In your copy of the data, omit the pictures and keep all else exactly as given.

**SUPPLIED INFORMATION**
────────

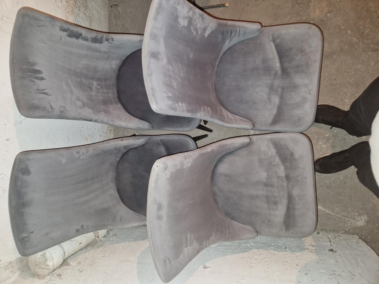 Zestaw 4 krzesel material welur kolor szary krzesla w bardzo dobrym stanie + wyprane cena 270 za komplet .
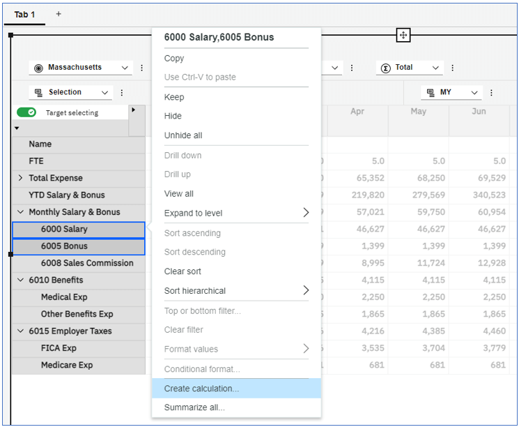 With Target selecting enabled, select row or column members to include in the calculation – click on the first member then control-click on subsequent members. Each selected member will be surrounded with a blue line.
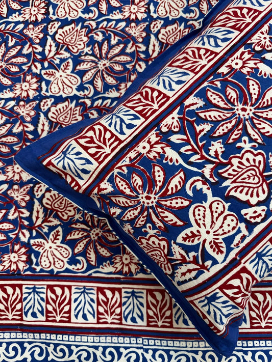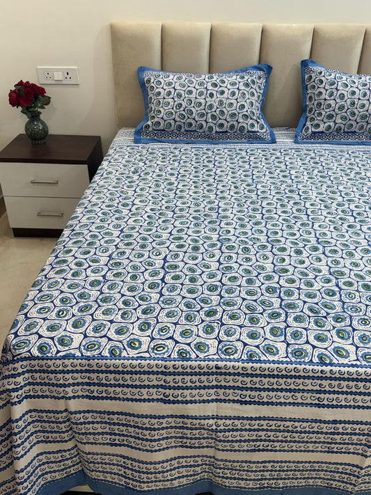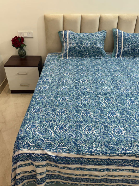 Royal Blue Trace Double Bedsheet with Pillow Covers

────────

**ANSWER TO THE EXERCISE**
 Zestaw 4 krzesel material welur kolor szary krzesla w bardzo dobrym stanie + wyprane cena 270 za komplet .
 With Target selecting enabled, select row or column members to include in the calculation – click on the first member then control-click on subsequent members. Each selected member will be surrounded with a blue line.
 Royal Blue Trace Double Bedsheet with Pillow Covers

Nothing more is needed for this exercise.